TASK: Repeat the listing exactly. The images do not belong in the copy.

--- RECORDS SUPPLIED Enclosed Below ---

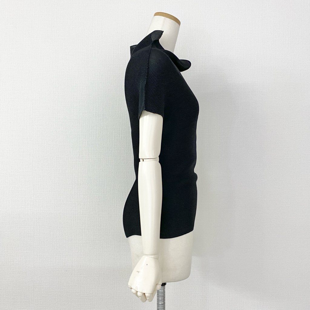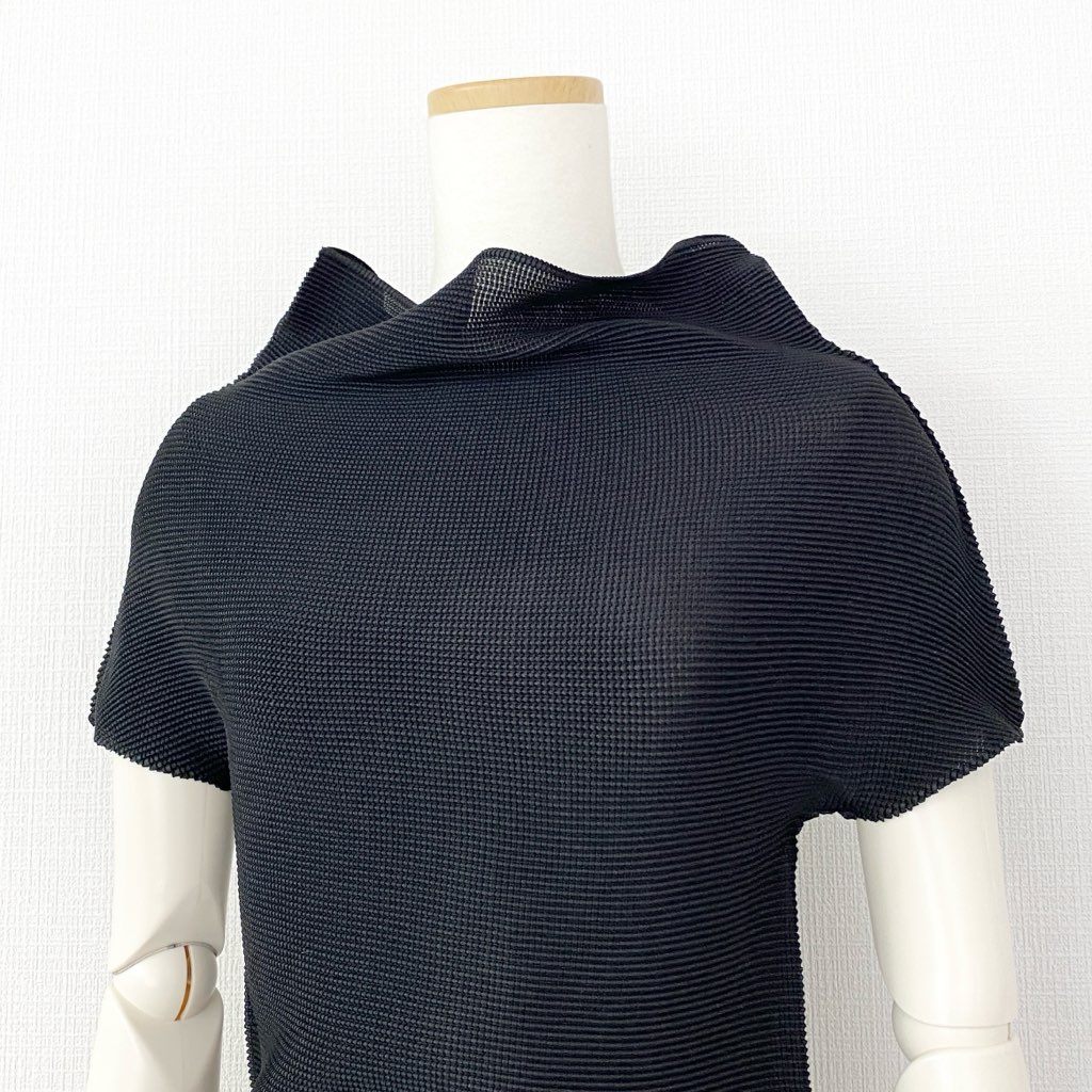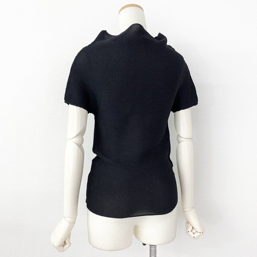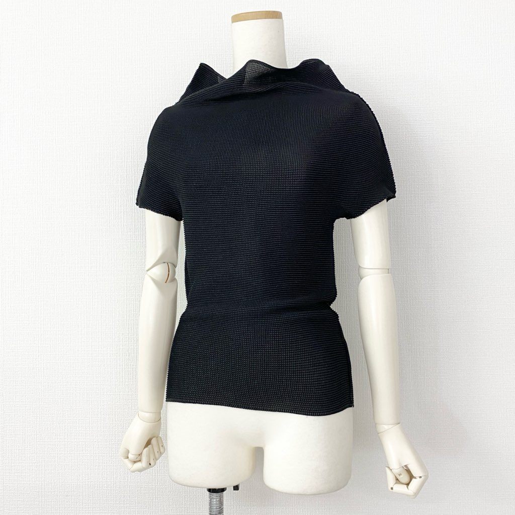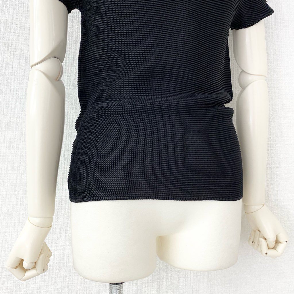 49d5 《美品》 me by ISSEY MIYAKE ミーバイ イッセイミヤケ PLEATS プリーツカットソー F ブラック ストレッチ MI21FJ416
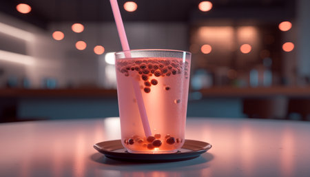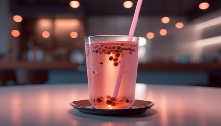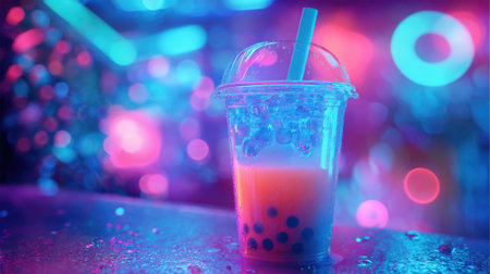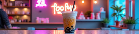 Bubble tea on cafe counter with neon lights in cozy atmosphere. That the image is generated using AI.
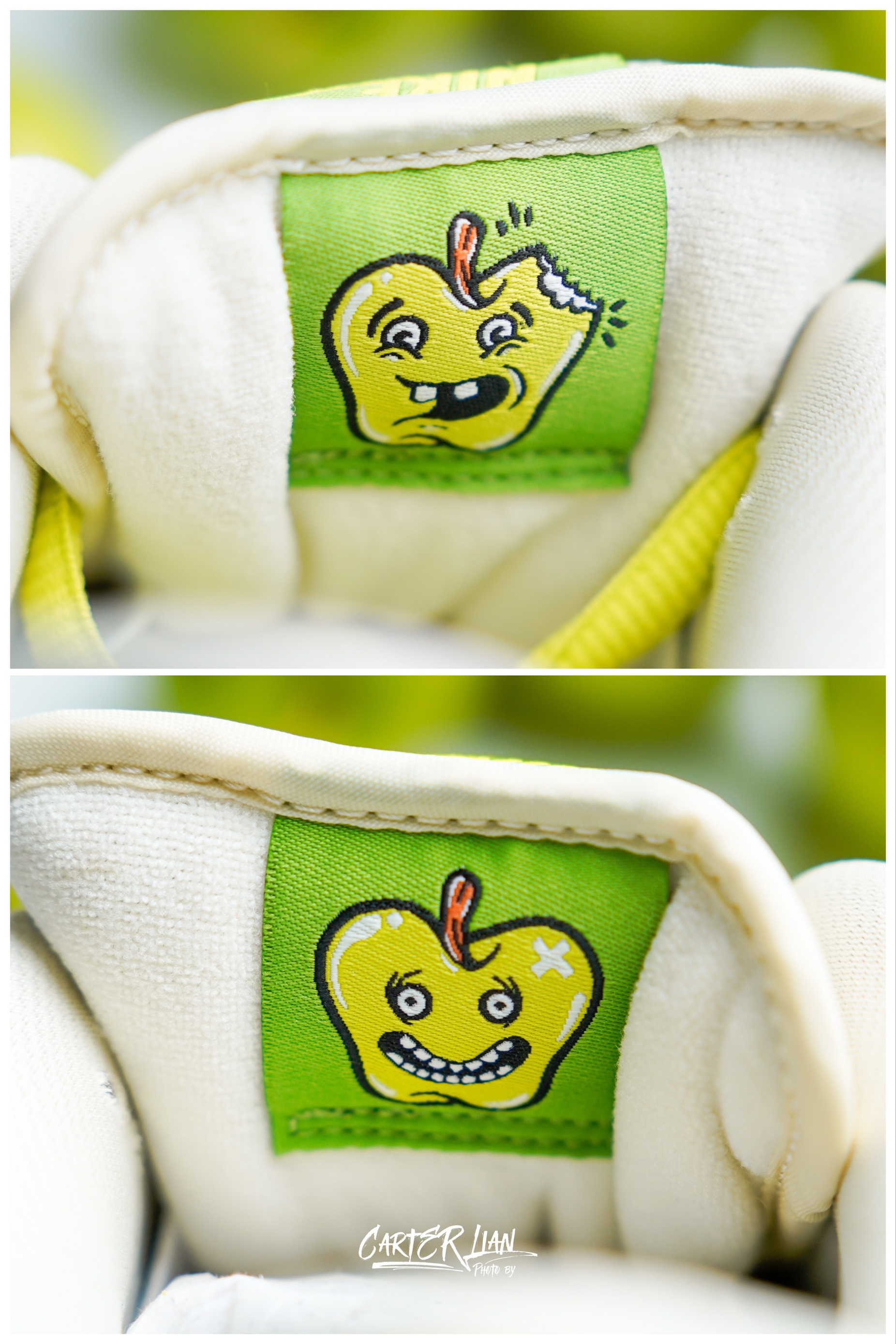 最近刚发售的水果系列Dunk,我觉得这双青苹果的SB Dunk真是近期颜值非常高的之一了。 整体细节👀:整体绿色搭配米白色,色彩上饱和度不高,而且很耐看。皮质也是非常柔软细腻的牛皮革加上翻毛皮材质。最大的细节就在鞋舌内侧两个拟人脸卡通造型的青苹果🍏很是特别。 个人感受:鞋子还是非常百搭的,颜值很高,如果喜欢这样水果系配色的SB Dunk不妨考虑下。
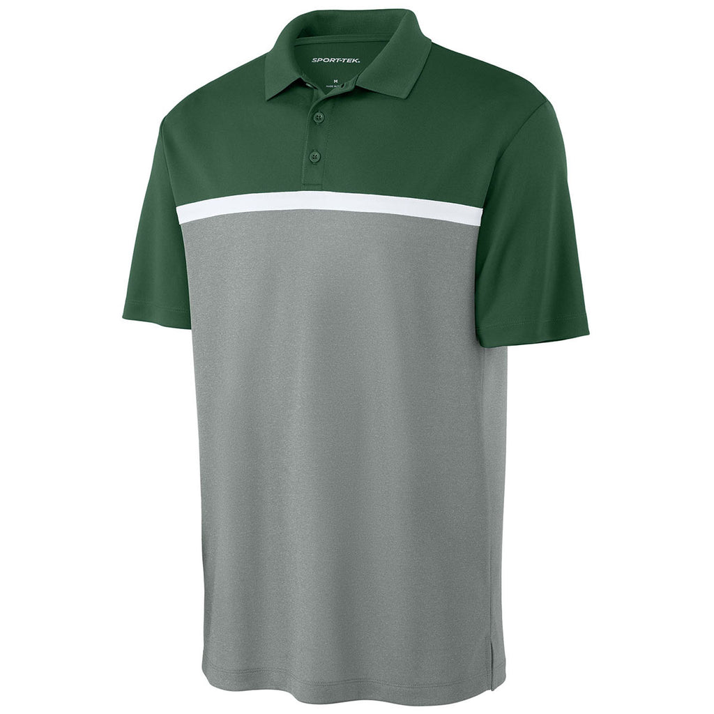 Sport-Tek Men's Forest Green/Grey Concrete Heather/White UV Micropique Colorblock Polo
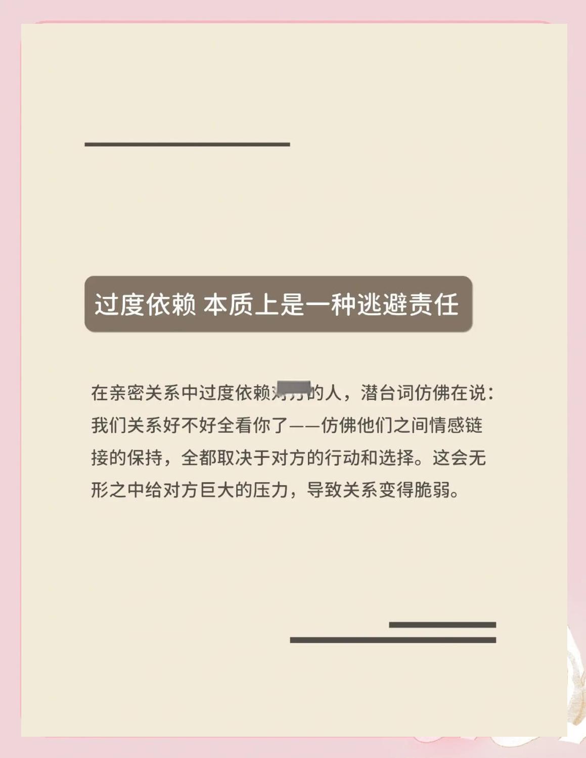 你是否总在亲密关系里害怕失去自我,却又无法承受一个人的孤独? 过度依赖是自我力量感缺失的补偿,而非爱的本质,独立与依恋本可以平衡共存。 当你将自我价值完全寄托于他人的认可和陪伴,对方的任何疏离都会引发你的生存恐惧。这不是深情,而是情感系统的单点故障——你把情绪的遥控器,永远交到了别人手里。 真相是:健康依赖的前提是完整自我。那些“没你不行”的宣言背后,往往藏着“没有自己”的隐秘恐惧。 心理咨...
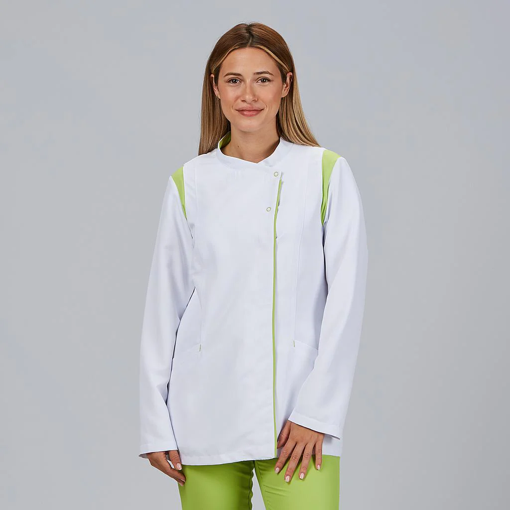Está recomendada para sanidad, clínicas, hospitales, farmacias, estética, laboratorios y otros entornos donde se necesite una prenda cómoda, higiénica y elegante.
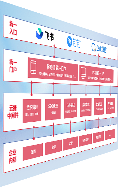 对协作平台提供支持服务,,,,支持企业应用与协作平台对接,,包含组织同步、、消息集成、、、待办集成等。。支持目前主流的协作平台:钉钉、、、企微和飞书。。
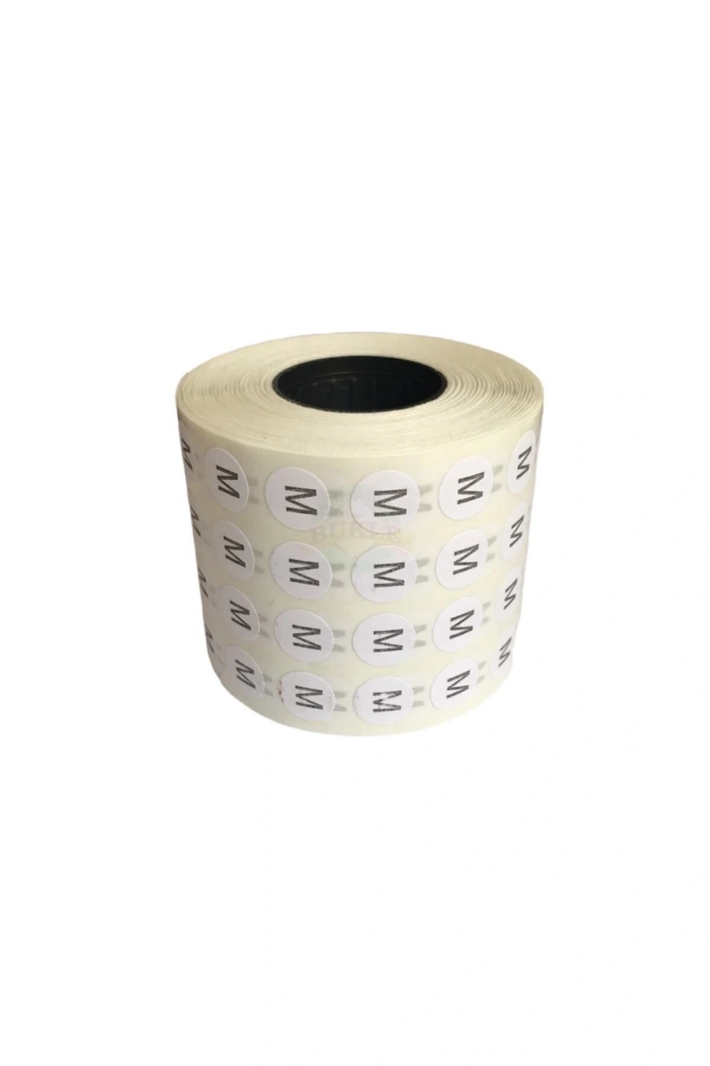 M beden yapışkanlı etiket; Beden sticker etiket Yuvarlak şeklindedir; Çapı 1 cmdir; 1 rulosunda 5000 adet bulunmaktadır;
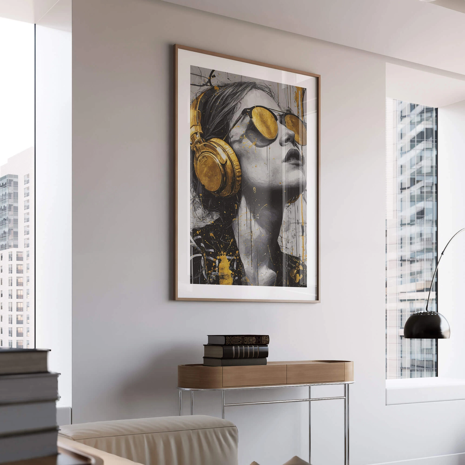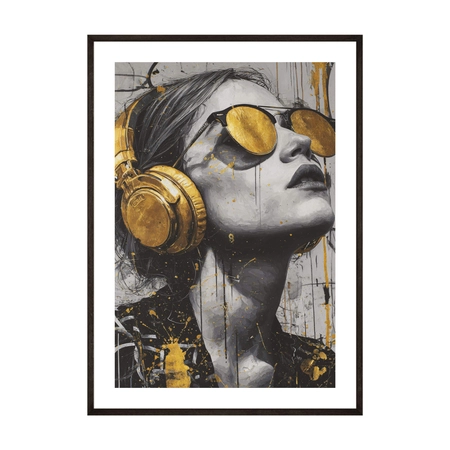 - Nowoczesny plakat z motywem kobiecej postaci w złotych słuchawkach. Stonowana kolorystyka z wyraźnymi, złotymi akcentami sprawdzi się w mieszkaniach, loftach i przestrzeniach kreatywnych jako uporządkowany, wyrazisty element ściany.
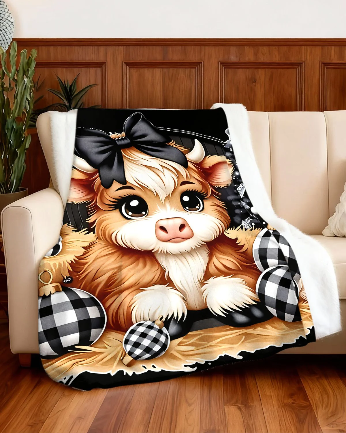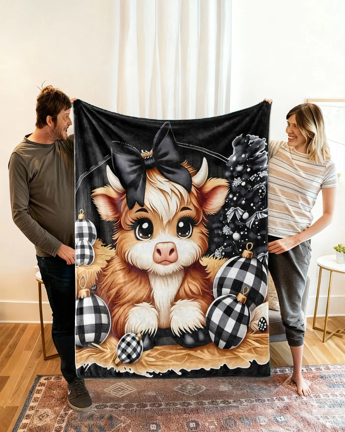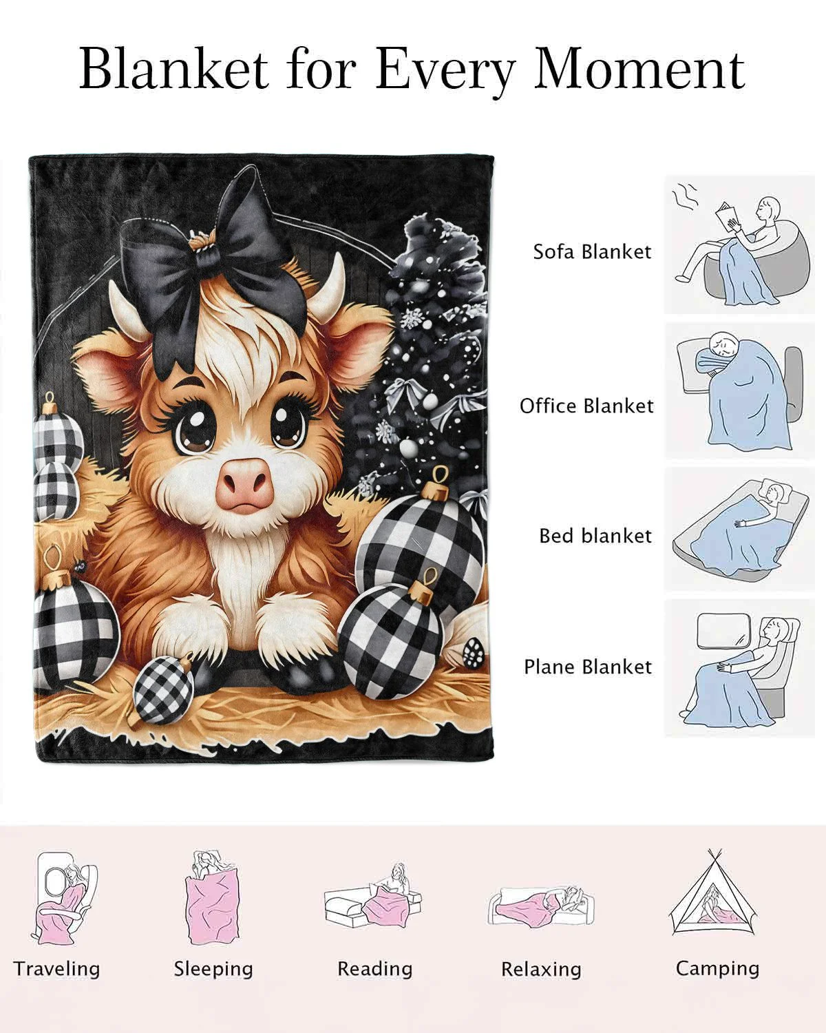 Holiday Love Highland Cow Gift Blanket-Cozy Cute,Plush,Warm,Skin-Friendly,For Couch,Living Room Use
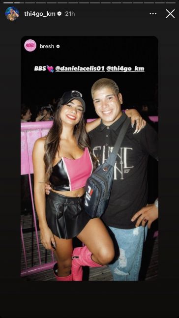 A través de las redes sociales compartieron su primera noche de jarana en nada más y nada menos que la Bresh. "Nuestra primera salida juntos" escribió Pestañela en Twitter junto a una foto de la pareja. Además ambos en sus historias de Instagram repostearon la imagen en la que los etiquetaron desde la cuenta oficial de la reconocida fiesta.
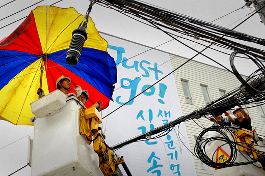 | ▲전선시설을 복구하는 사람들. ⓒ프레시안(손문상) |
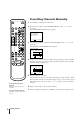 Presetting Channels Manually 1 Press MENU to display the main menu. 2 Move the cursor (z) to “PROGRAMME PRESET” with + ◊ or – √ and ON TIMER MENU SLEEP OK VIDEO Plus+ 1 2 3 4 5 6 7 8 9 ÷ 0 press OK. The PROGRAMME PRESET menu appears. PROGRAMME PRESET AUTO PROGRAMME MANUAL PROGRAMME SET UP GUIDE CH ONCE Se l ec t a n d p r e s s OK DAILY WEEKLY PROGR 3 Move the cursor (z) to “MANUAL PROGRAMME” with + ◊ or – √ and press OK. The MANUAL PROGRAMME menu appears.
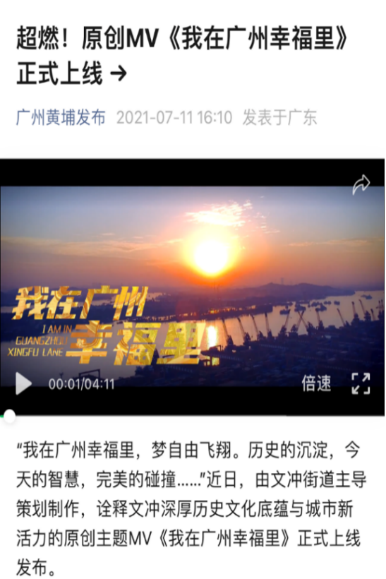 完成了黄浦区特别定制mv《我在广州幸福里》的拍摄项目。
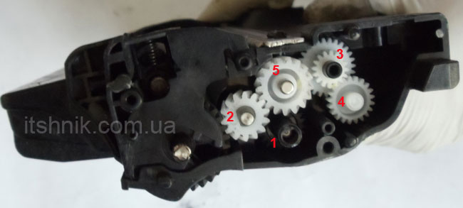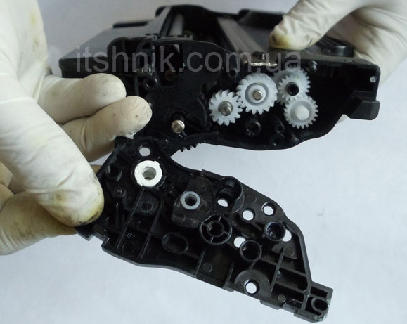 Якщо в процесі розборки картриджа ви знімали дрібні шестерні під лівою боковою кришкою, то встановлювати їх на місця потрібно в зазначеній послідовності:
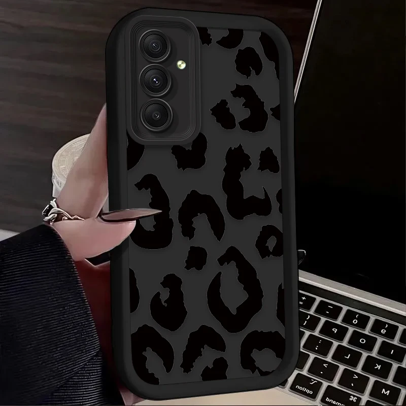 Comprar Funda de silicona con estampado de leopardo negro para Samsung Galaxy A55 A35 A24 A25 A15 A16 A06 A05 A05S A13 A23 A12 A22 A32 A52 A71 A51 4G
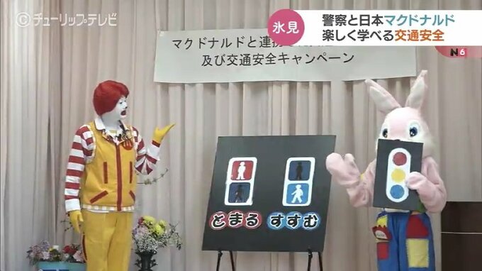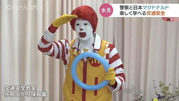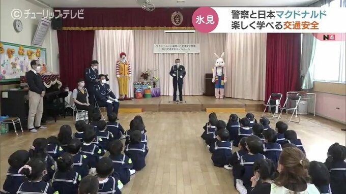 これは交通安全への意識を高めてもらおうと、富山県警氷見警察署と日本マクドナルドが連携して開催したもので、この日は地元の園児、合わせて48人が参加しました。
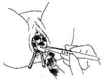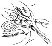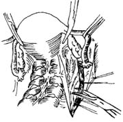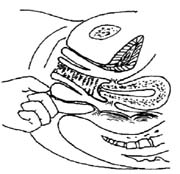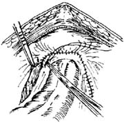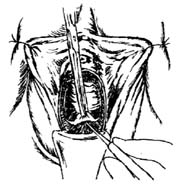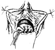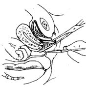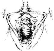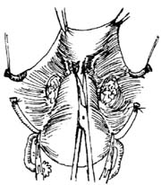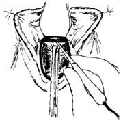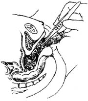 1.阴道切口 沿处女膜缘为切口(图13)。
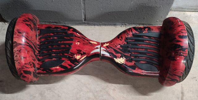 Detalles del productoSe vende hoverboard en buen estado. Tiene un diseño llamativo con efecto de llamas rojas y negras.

--- End of Enclosed RECORDS SUPPLIED ---

TASK SOLUTION:
 49d5 《美品》 me by ISSEY MIYAKE ミーバイ イッセイミヤケ PLEATS プリーツカットソー F ブラック ストレッチ MI21FJ416
 Bubble tea on cafe counter with neon lights in cozy atmosphere. That the image is generated using AI.
 最近刚发售的水果系列Dunk,我觉得这双青苹果的SB Dunk真是近期颜值非常高的之一了。 整体细节👀:整体绿色搭配米白色,色彩上饱和度不高,而且很耐看。皮质也是非常柔软细腻的牛皮革加上翻毛皮材质。最大的细节就在鞋舌内侧两个拟人脸卡通造型的青苹果🍏很是特别。 个人感受:鞋子还是非常百搭的,颜值很高,如果喜欢这样水果系配色的SB Dunk不妨考虑下。
 Sport-Tek Men's Forest Green/Grey Concrete Heather/White UV Micropique Colorblock Polo
 你是否总在亲密关系里害怕失去自我,却又无法承受一个人的孤独? 过度依赖是自我力量感缺失的补偿,而非爱的本质,独立与依恋本可以平衡共存。 当你将自我价值完全寄托于他人的认可和陪伴,对方的任何疏离都会引发你的生存恐惧。这不是深情,而是情感系统的单点故障——你把情绪的遥控器,永远交到了别人手里。 真相是:健康依赖的前提是完整自我。那些“没你不行”的宣言背后,往往藏着“没有自己”的隐秘恐惧。 心理咨...
Está recomendada para sanidad, clínicas, hospitales, farmacias, estética, laboratorios y otros entornos donde se necesite una prenda cómoda, higiénica y elegante.
 对协作平台提供支持服务,,,,支持企业应用与协作平台对接,,包含组织同步、、消息集成、、、待办集成等。。支持目前主流的协作平台:钉钉、、、企微和飞书。。
 M beden yapışkanlı etiket; Beden sticker etiket Yuvarlak şeklindedir; Çapı 1 cmdir; 1 rulosunda 5000 adet bulunmaktadır;
 - Nowoczesny plakat z motywem kobiecej postaci w złotych słuchawkach. Stonowana kolorystyka z wyraźnymi, złotymi akcentami sprawdzi się w mieszkaniach, loftach i przestrzeniach kreatywnych jako uporządkowany, wyrazisty element ściany.
 Holiday Love Highland Cow Gift Blanket-Cozy Cute,Plush,Warm,Skin-Friendly,For Couch,Living Room Use
 A través de las redes sociales compartieron su primera noche de jarana en nada más y nada menos que la Bresh. "Nuestra primera salida juntos" escribió Pestañela en Twitter junto a una foto de la pareja. Además ambos en sus historias de Instagram repostearon la imagen en la que los etiquetaron desde la cuenta oficial de la reconocida fiesta.
 | ▲전선시설을 복구하는 사람들. ⓒ프레시안(손문상) |
 Presetting Channels Manually 1 Press MENU to display the main menu. 2 Move the cursor (z) to “PROGRAMME PRESET” with + ◊ or – √ and ON TIMER MENU SLEEP OK VIDEO Plus+ 1 2 3 4 5 6 7 8 9 ÷ 0 press OK. The PROGRAMME PRESET menu appears. PROGRAMME PRESET AUTO PROGRAMME MANUAL PROGRAMME SET UP GUIDE CH ONCE Se l ec t a n d p r e s s OK DAILY WEEKLY PROGR 3 Move the cursor (z) to “MANUAL PROGRAMME” with + ◊ or – √ and press OK. The MANUAL PROGRAMME menu appears.
 完成了黄浦区特别定制mv《我在广州幸福里》的拍摄项目。
 Якщо в процесі розборки картриджа ви знімали дрібні шестерні під лівою боковою кришкою, то встановлювати їх на місця потрібно в зазначеній послідовності:
 Comprar Funda de silicona con estampado de leopardo negro para Samsung Galaxy A55 A35 A24 A25 A15 A16 A06 A05 A05S A13 A23 A12 A22 A32 A52 A71 A51 4G
 これは交通安全への意識を高めてもらおうと、富山県警氷見警察署と日本マクドナルドが連携して開催したもので、この日は地元の園児、合わせて48人が参加しました。
 1.阴道切口 沿处女膜缘为切口(图13)。
 Detalles del productoSe vende hoverboard en buen estado. Tiene un diseño llamativo con efecto de llamas rojas y negras.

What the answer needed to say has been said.